Outside of education, I’m deeply passionate about art, athletics, and advocacy. Being raised in the Rocky Mountains, I was exposed to outdoor education and experiences from a young age. These experiences fostered a deep love for both nature and outdoor sports. However, I quickly came to realize that outdoor recreation simply isn’t equitable and they’re few high level athletes that share my perspectives and experiences. Today, I’m committed to sharing the wonderful aspects of outdoor sports with historically underrepresented and disenfranchised groups in hopes of diversifying and expanding the world of outdoor athletics. During the summer of 2023 I participated in Wilderness Tours OKS Keeners program, gaining my Wilderness First Aid, CPR, and Swiftwater Rescue Certifications. I also volunteered with Diversify Whitewater, a non-profit committed to increasing access to paddlesports for BIPOC, and who I currently work for as their communications intern. Additionally, this past summer I completed the shooting of my upcoming short documentary on whitewater kayaking and identity in conjunction with ByKids, a non-profit supporting youth in telling their stories through film. The film explores many of the struggles for belonging in predominately white outdoor spaces and within their respective lifestyles. It is penned to premiere in the early summer of 2025. In the future, I hope to continue to develop my whitewater kayaking skills and experience with the goal of working as a kayaking coach for disenfranchised groups, along with to utilizing my passion for art and film to share stories at the intersection of outdoor spaces and DEI.

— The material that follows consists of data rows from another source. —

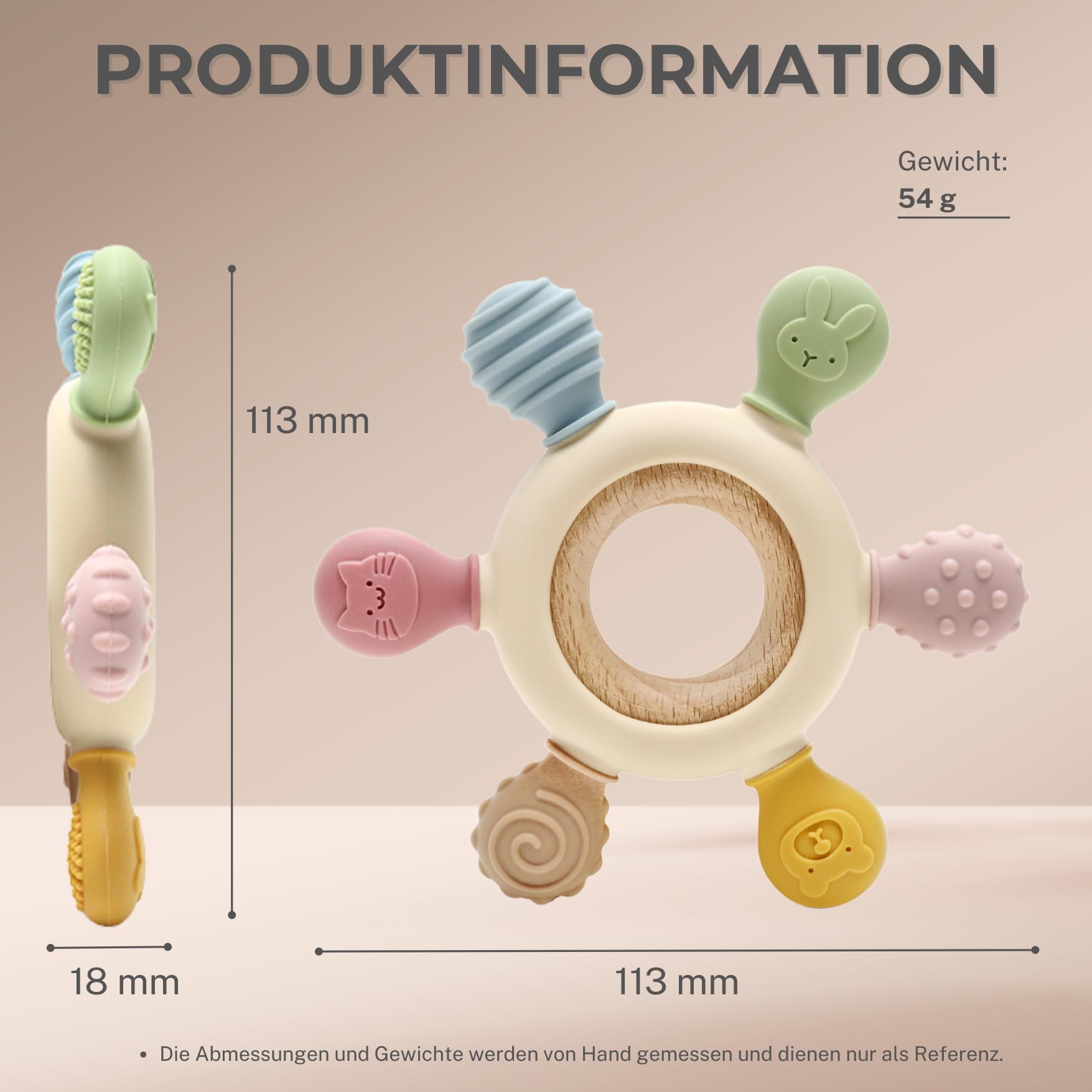 Dank der robusten Materialqualität ist der Beißring spülmaschinenfest, kann gekühlt oder sterilisiert werden und bleibt so hygienisch sauber. Das niedliche Tierdesign macht das Zahnen angenehmer und ist ein schönes Geschenk zur Geburt, Babyparty oder zum Geburtstag.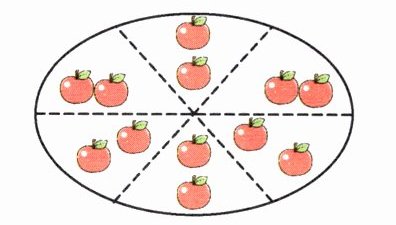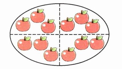 三、把12个苹果平均分,每份分别有几个?写出相应的算式。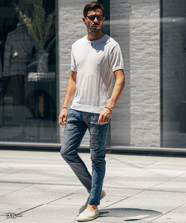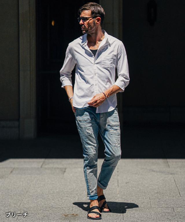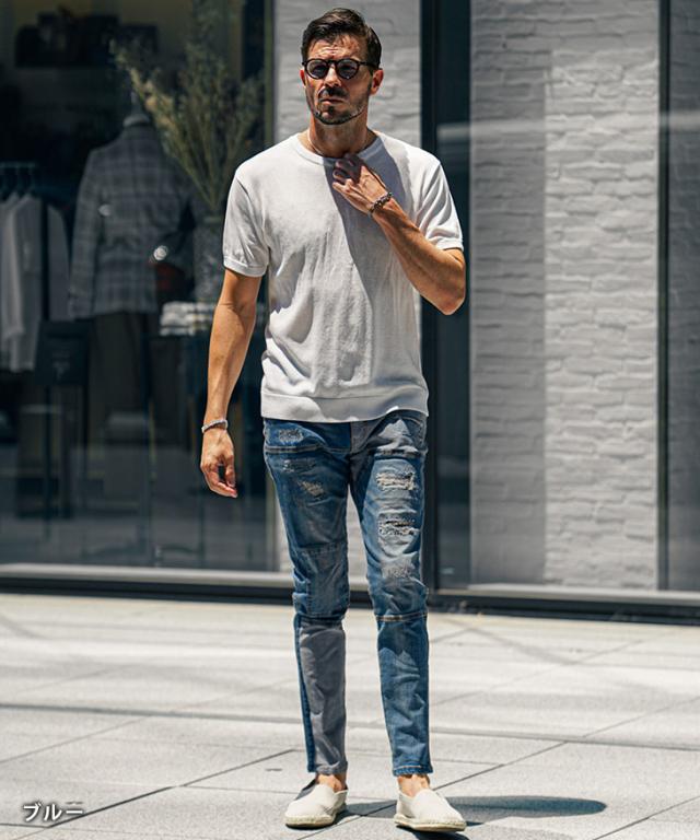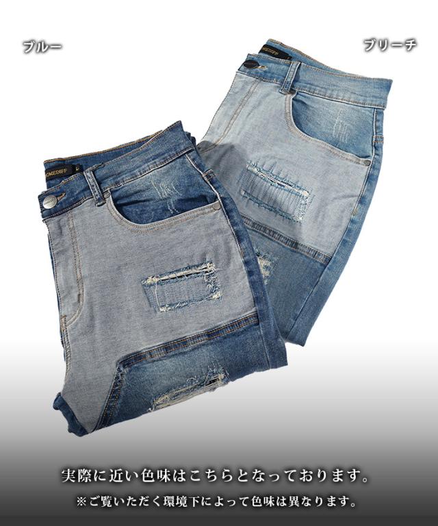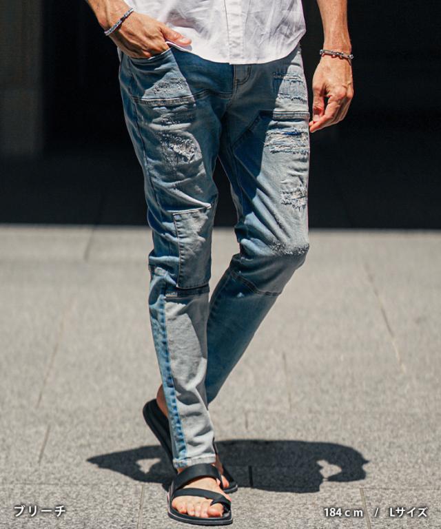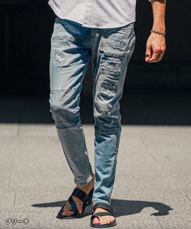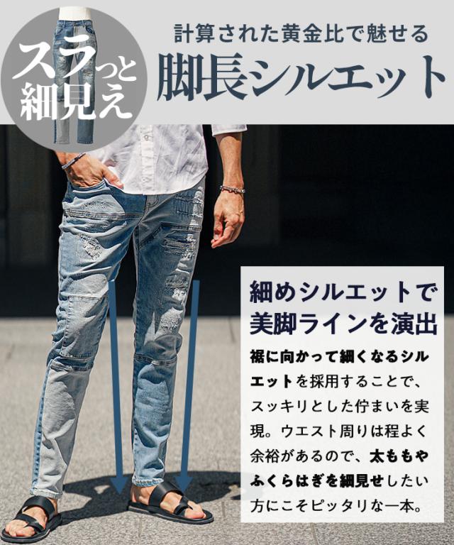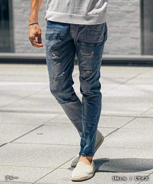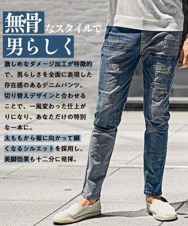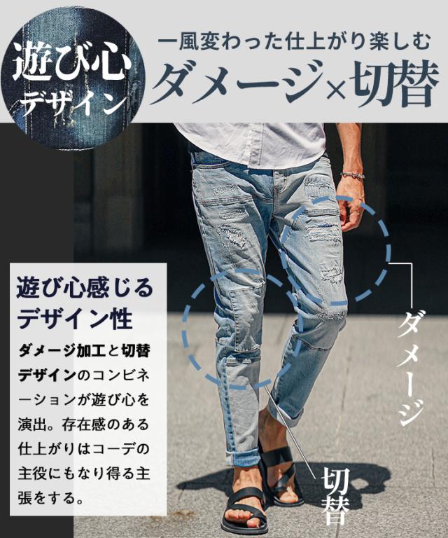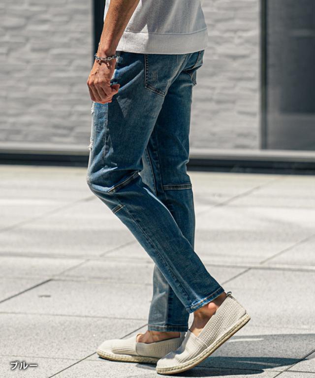 ジーパン メンズ テーパードデニム メンズ ダメージデニムパンツ メンズ スキニー デニム メンズ スキニーパンツ ダメージジーンズ 切替 ストレッチ パンツ タイト 細身 インディゴ 夏 夏服 夏物 春夏 メンズファッション ちょいワル お兄系 オラオラ系 夏新作 新作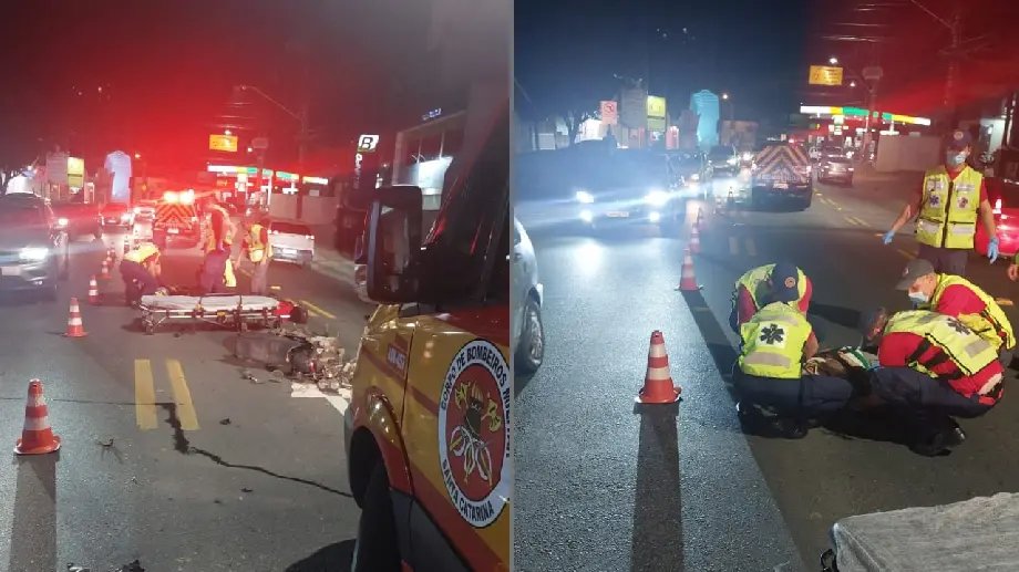 Uma idosa ficou gravemente ferida após ser atropelada por uma moto na noite deste sábado (27) em Blumenau. O acidente, que também deixou o motociclista ferido, ocorreu por volta das 18h47 na rua General Osório.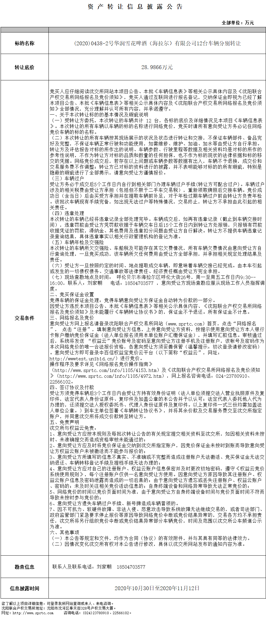 華潤(rùn)雪花啤酒(海拉爾)有限公司12臺(tái)車輛轉(zhuǎn)讓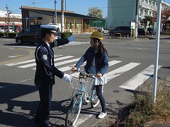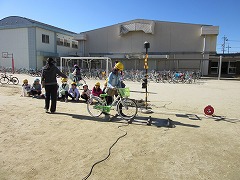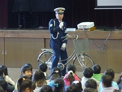 1、2年生は、おまわりさんから安全な自転車の乗り方を教えてもらいました。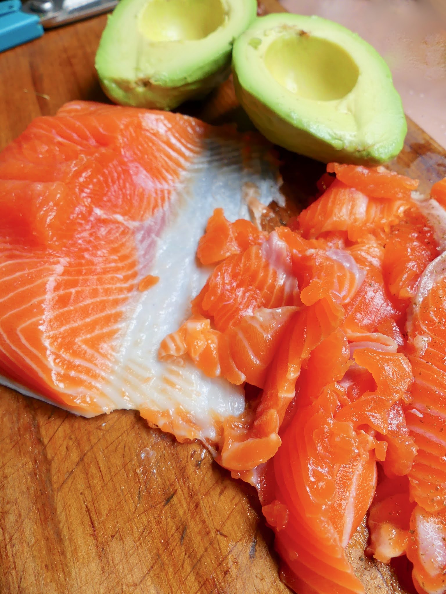 Then we added home made preserved ginger. It's so easy- learn how to make it just here.That's the salad part. Next add things like nori cut in strips or pickled seaweed like Neptune's Necklace. Avocado makes a nice contrast to the other textures and flavours. We bought a small pierce of lovely salmon and cut it finely to make sashimi (remove any bones as you go) sprinkle with sea salt. Toasted sesame seeds white or black are a lovely too. The rest- make up as you go along. Wasabi if you like it.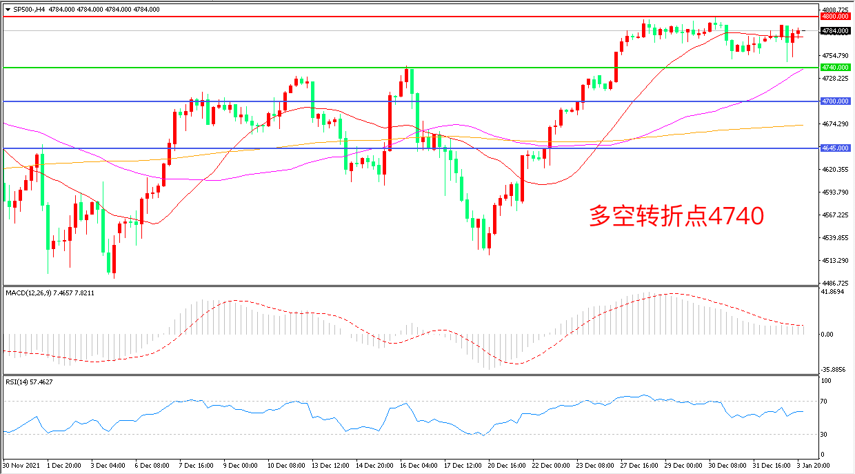 周一(1月3日),2022年新年首个交易日,市场风险情绪有所提振,标普500先跌后涨,收报4784点。目前市场处“拉锯”状态的原因是,一方面,投资者相信今年的经济可以克服新冠疫情激增,一方面美联储将迎来近年来的首次加息,且今年至少加息三次,在这样的环境下,基本面事件的影响力将被放大,重点关注本周美联储会议纪要和非农表现。
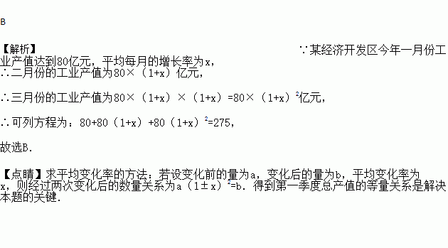 某经济开发区今年一月份工业产值达到80亿元,第一季度总产值为275亿元,问二、三月平均每月的增长率是多少?设平均每月的增长率为x,根据题意所列方程是( )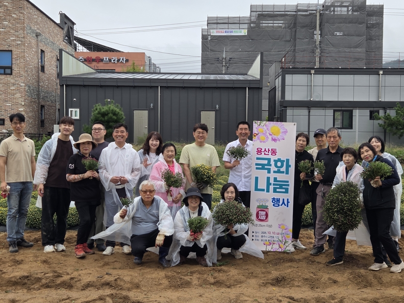 충주시 용산동 통장협의회 회원들이 국화 나눔행사를 연 뒤 단체사진을 찍고 있다.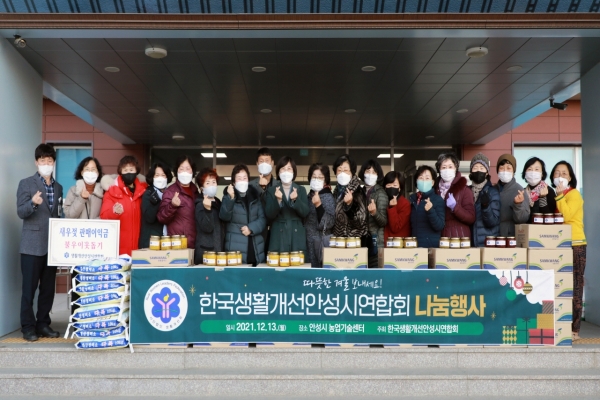 이순우 생활개선안성시연합회장은 “바른식생활지도사 1급 자격증을 취득하면서 회원들과 함께 이곳저곳 찾아가는 요리교실을 운영하고자 계획했었으나 코로나19로 사정이 여의치 않아, 요리에 활용하기 좋은 마늘고추장과 감기 예방에 좋은 유자청, 생강청 전달로 아쉬움을 대신했다”며 “사회적 거리두기와 온라인 소통으로 사람이 그리운 소외된 이웃들이 조금이라도 더 따뜻한 겨울을 날 수 있도록 이번 행사가 도움이 됐길 바란다”고 말했다.
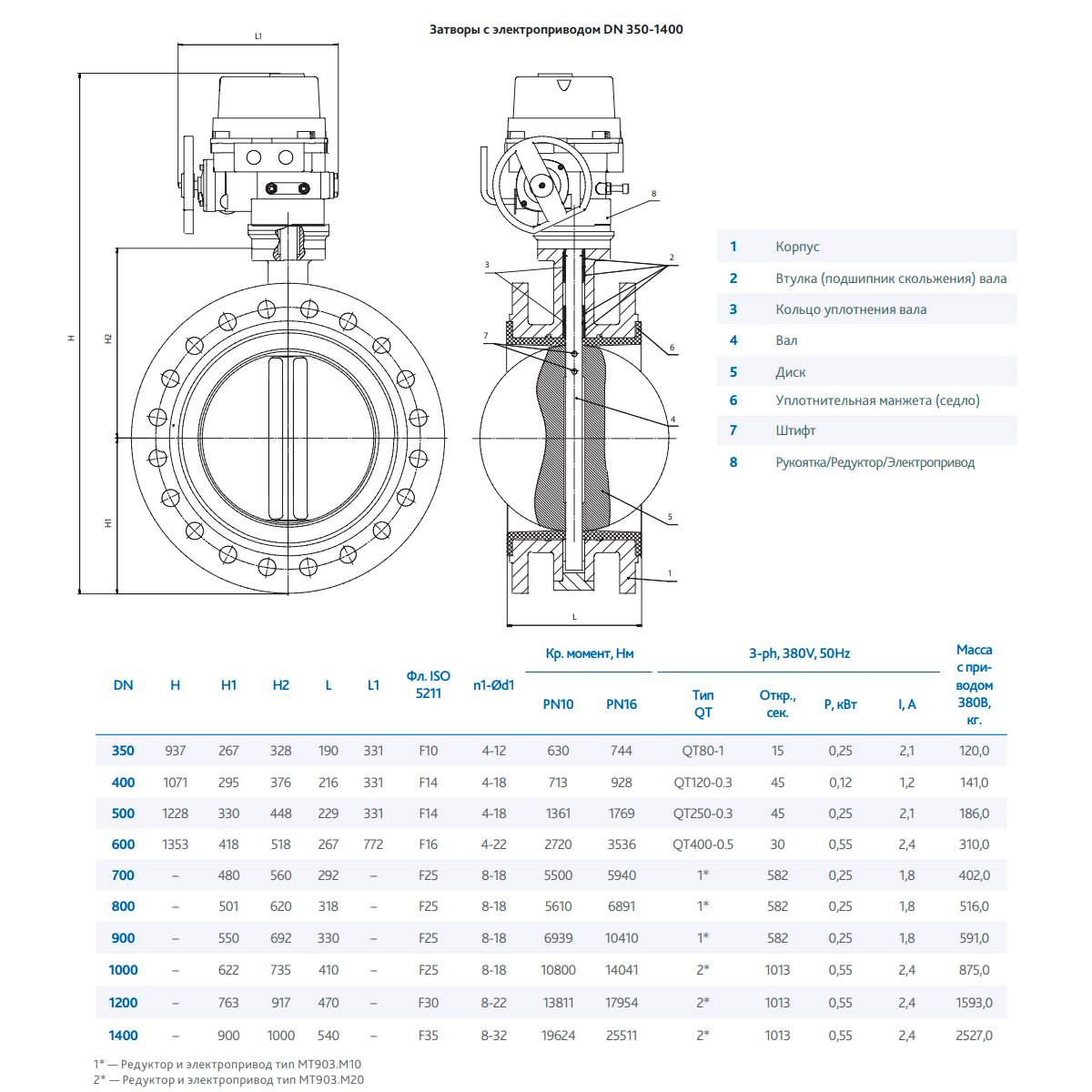 Затвор DENDOR 021F DN 400 PN 16 поворотный дисковый фланцевый с электроприводом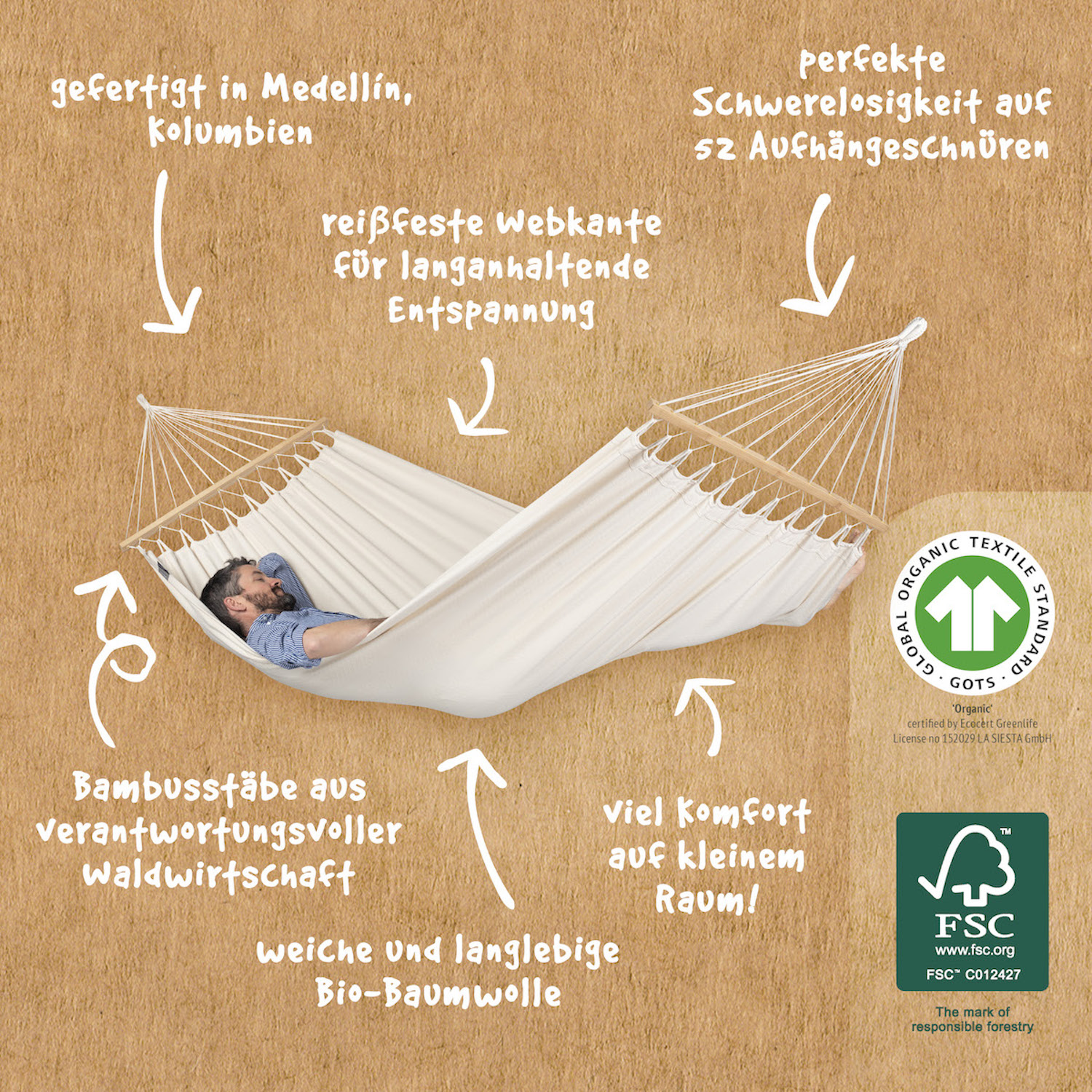 Eigenschaften "La Siesta Single-Stabhängematte FLORENCIA latte creme Einzel-Stabhängematte aus Bio-Baumwolle"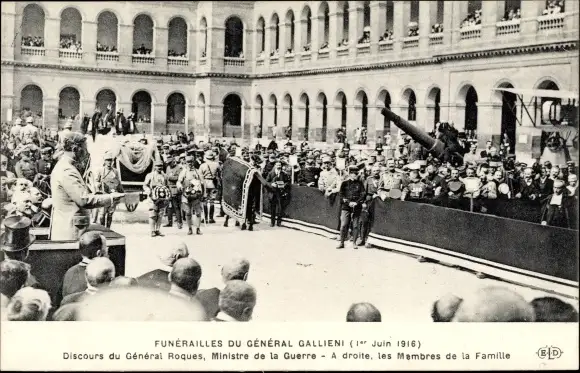 Ak Paris, Funerailles du General Gallieni, Discours du General Roques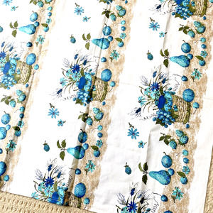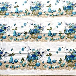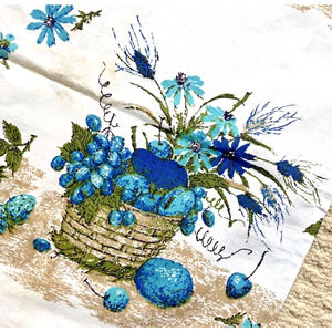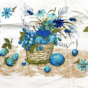 Vintage Cotton Tablecloth in a colorful 1970’s fruit baskets print. The printed pattern is in aqua blue & tan colors on white background and runs the long length of the cloth - appears to be a handmade cloth using standard width fabric. The result is a unique cloth perfect for a picnic table or buffet cover. There are a few very light stains (see pics) but overall this cloth is in very good condition with no damage or flaws. Just stunningly brilliant colors on a cloth to use or repurpose at your whim.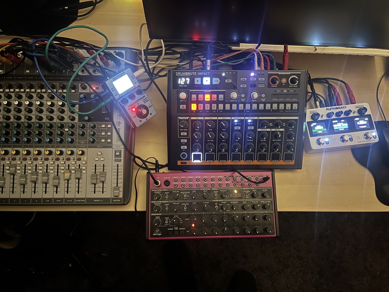 Anyway, first I wanted to only use the Drumbrute Impact + Mixer + FX, but I was missing some “random but tweakable bleeps and bloops”. (The 101 & 303 sounded overdone, the Korg Drum too pre-programmed & fiddely).

On a broader level, art, including literature, is a means to express that which words often cannot capture, and it lends itself to the subjectivity and multi-perceptivity inherent in conversations surrounding identity, belonging, and justice. Thus, it is a natural medium for me to simultaneously explore my experiences and perspective while also serving as a comforting practice that I can rely on. My childhood, marked by the burgeoning of experiences which often left me feeling isolated, is riddled with early explorations into critical consciousness in creative spaces. Hours spent tinkering with paper in my home studio or paper mache at school allowed me to simply exist without pretense and redirected the focus onto the viewer and their respective interpretation. Today, while my art does not always exist in the formal or professional realm, it remains a consistent practice for managing the requirements placed on me by a society often unwilling to acknowledge its exclusionary tendencies. It also works as a tool that, when strategically used, can speak to a humanist perspective that the rational brain often overlooks.

As you can likely tell, I have a very diverse set of passions, interests, and commitments. Much of my life consists of sitting in a liminal space between often disjointed things and I’m constantly surprised, horrified, and inspired by what this particular perspective can reveal. I believe deeply in the power of interconnection and I have faith in the capability of the human mind and spirit.